I’m a script dunce who’s wondering if Applescript can solve a specific problem I have - I’m running OE5.06 in Classic on OS X 10.2.6, and I’m trying to extract data from incoming emails generated by a formmail.cgi. The fields include name, address 1/2, email etc.
I’m aiming to output the data in tab-delimited text format.
Am I stupid or is this possible? If so is there someone who likes a challenge willing to write it for me?
javascript:emoticon(‘:D’)
You certainly can do it, I think everyone should have a script that processes incoming emails.

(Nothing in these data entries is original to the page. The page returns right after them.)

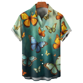 Hot Bán Mùa Hè Phong Cách Cộng Với Kích Thước Người Đàn Ông Của Bướm In Hawaii Áo Sơ Mi Biểu Tượng Tùy Chỉnh Thiết Kế Ngắn Tay Áo Lỏng Áo Sơ Mi Bãi Biển
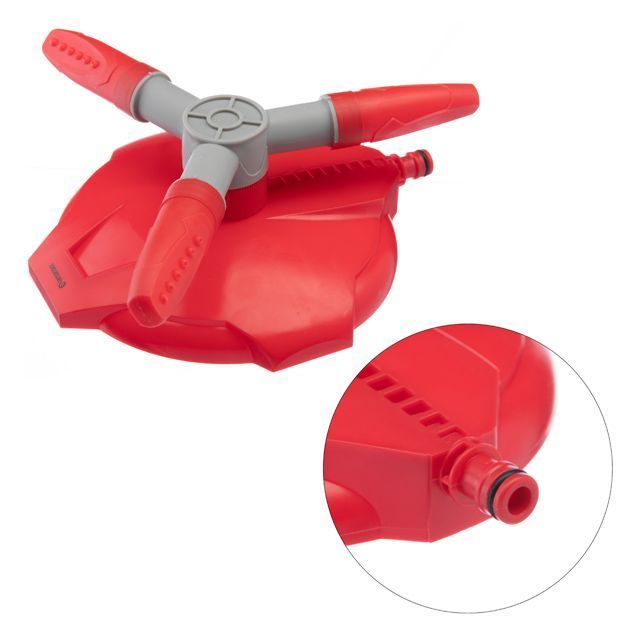 Ороситель круговой (тройная вертушка) незаменим, когда необходимо полить участок, огород, газон, клумбу и прочее. В отличие от ручного полива из шланга, почва увлажняется равномерно, не образовываются лужи, к тому же вы не прикладываете больших усилий на полив.
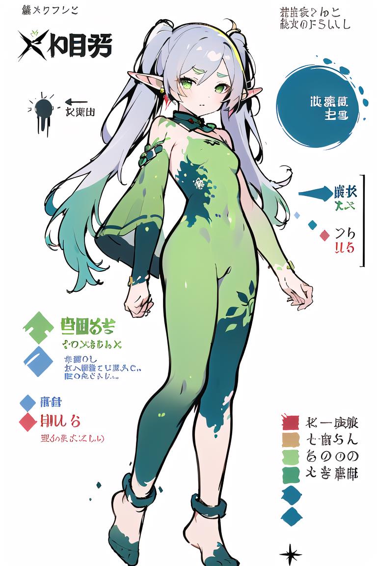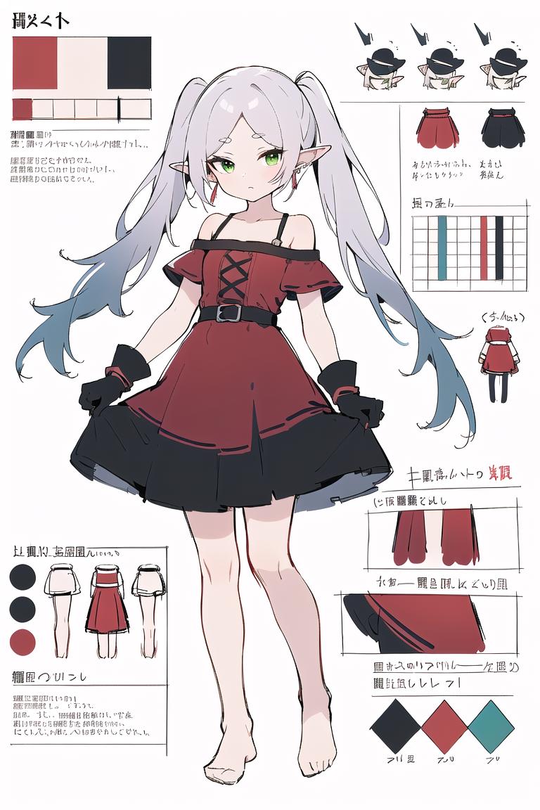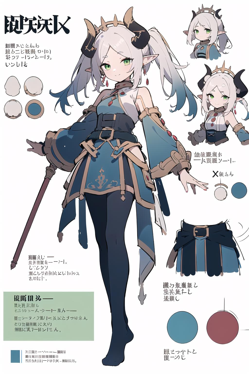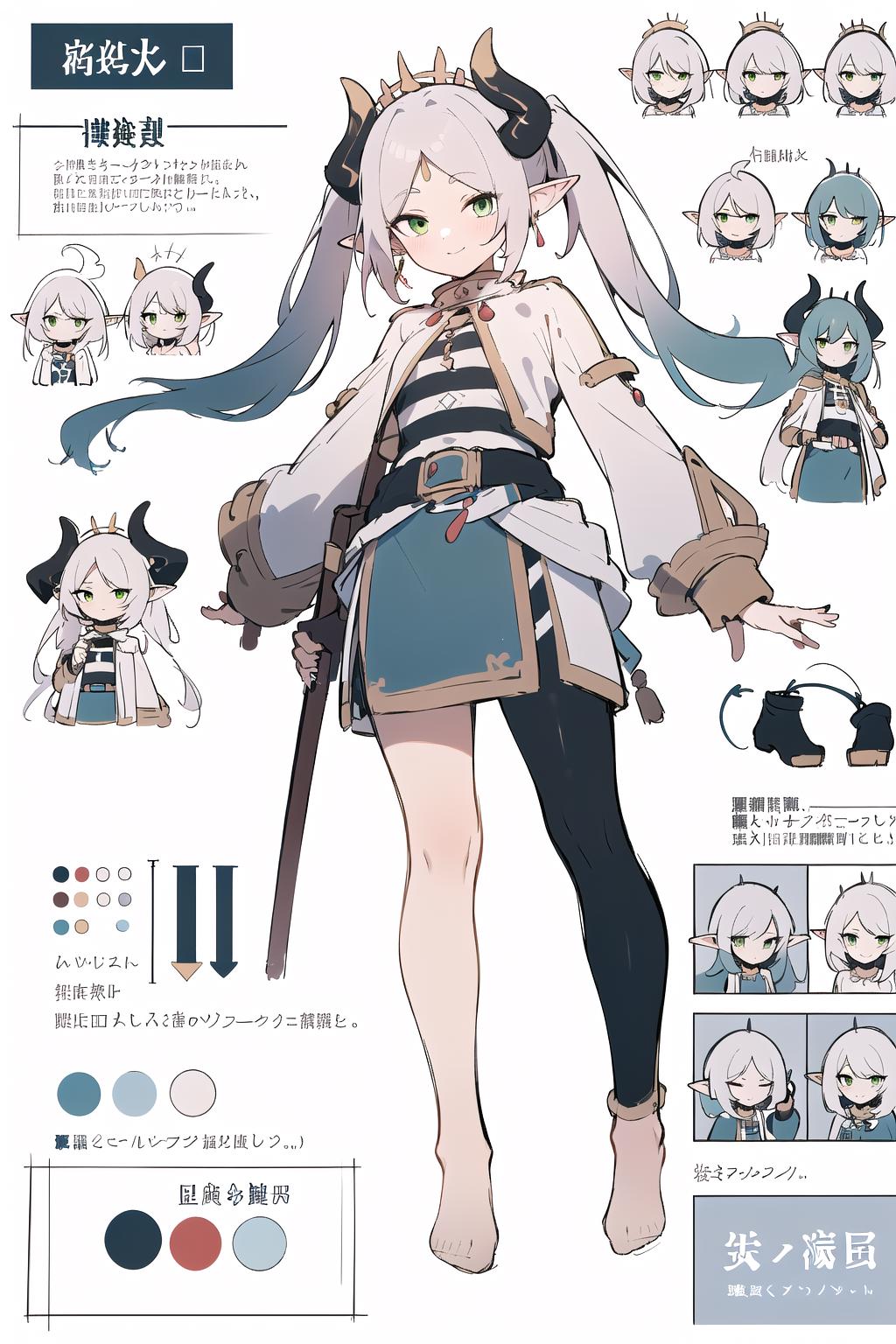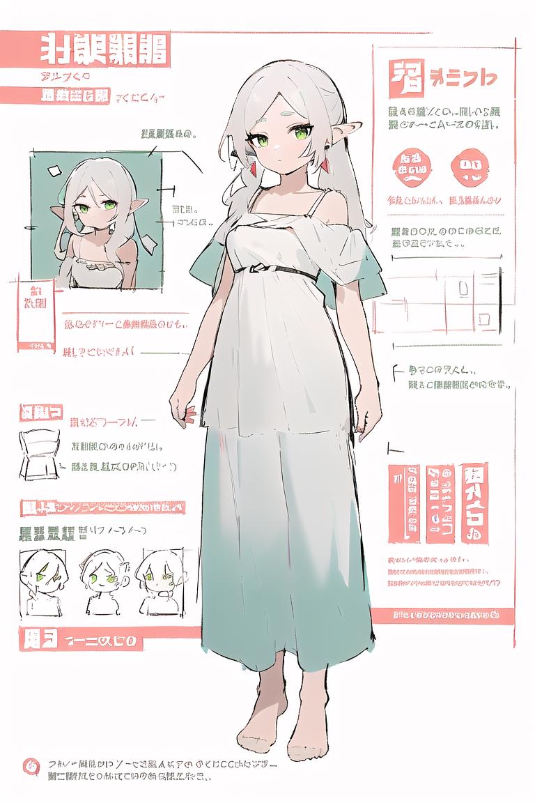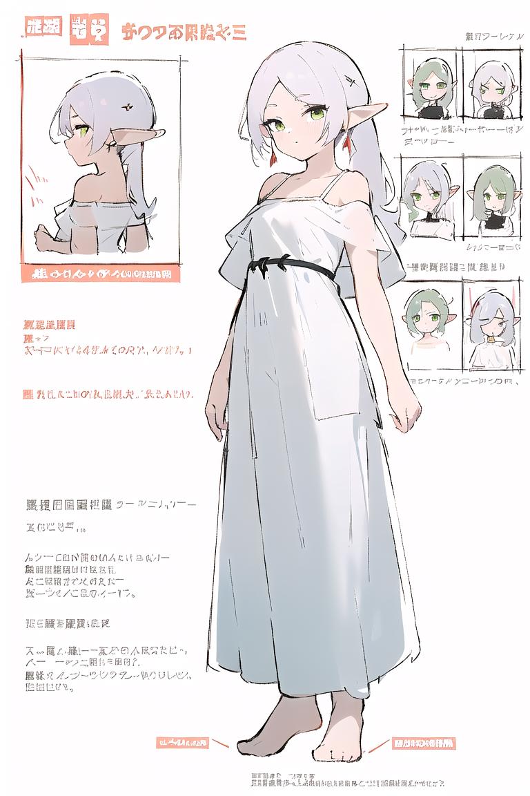 芙莉莲:fll, twintails, 1girl, pointy ears, round face,white hair, green eyes, elf, pantyhose, long hair, earrings, black pantyhose, white capelet, long sleeves, dress,
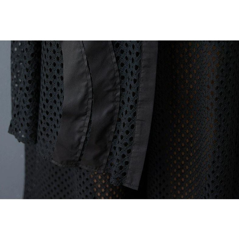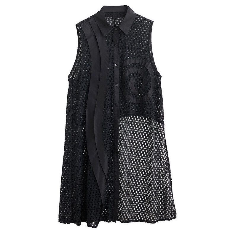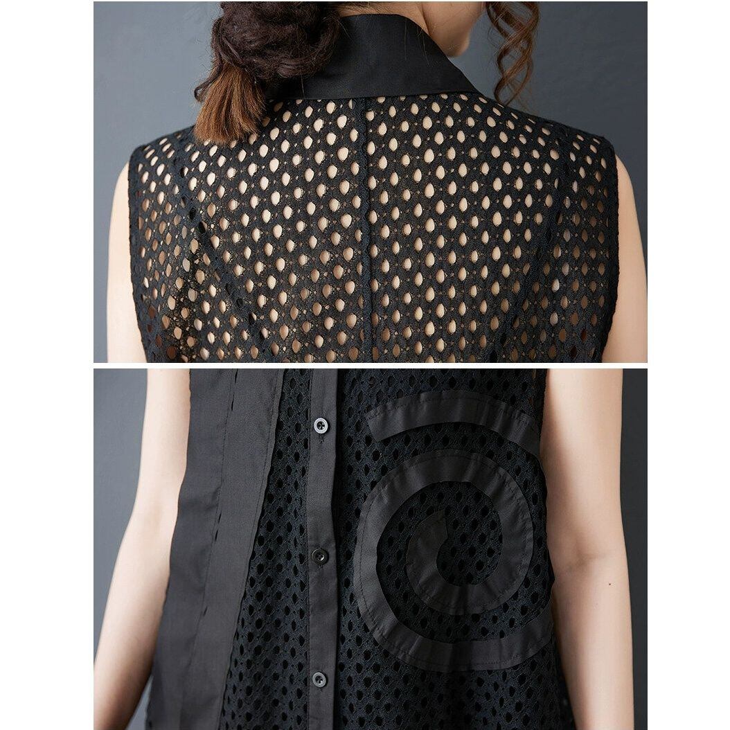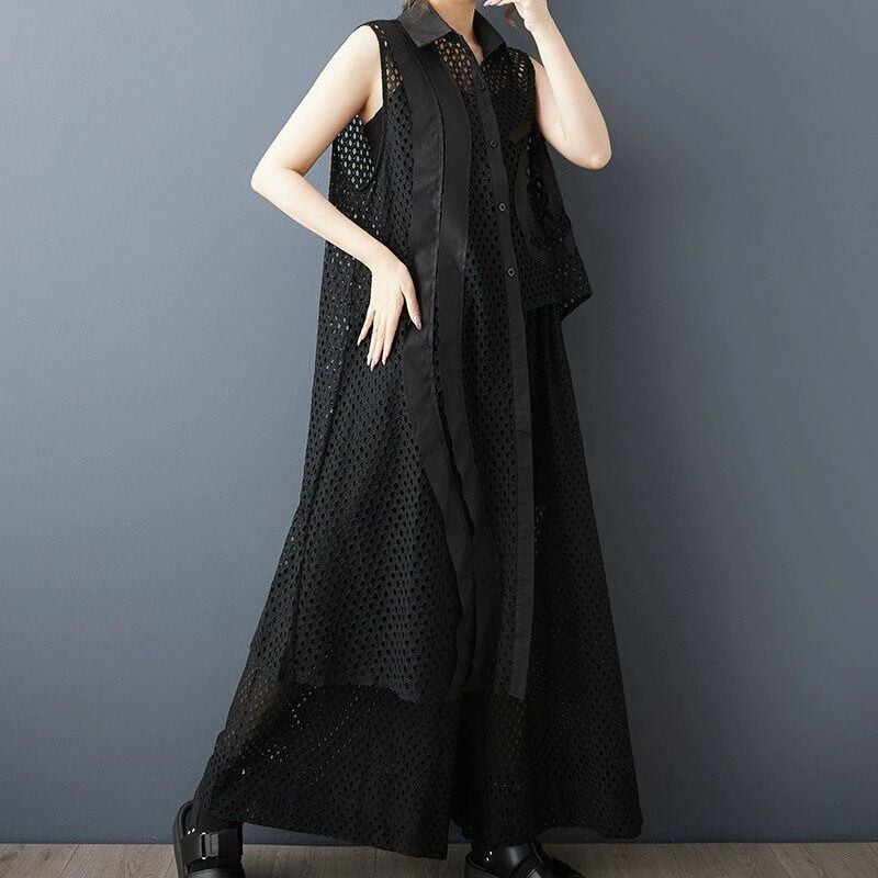 ブラックのメッシュ素材がクールな、ポロ襟・ノースリーブ・イレギュラーヘムのロングラインシャツと、ワイドレッグパンツのセットアップです。上下別売りです。シャツはスティッチをあしらった、アシンメトリックなデザインがお洒落な、Aラインシルエットが美しいアイテムです。

Processing each line kind of depends on how your CGI formats the email though. I have one that uses the common structure of:
fieldOne=some data typed in a field
fieldTwo=some data selected from a menu
fildThree=some data from a radio button
So that is what I used in the following script. You can change the way it processes each line to fit how your CGI formats your emails.
--this is the file we'll write the extracted data to.
property logFile : alias "Macintosh HD:Desktop Folder:text file.txt"
--set up a variable for the carraige return
property carraigeReturn : (ASCII character 13)
tell application "Outlook Express"
--get a list of the current messages
--will return messages currently manually selected, or all messages being received
--when the RULE is triggered. (see below)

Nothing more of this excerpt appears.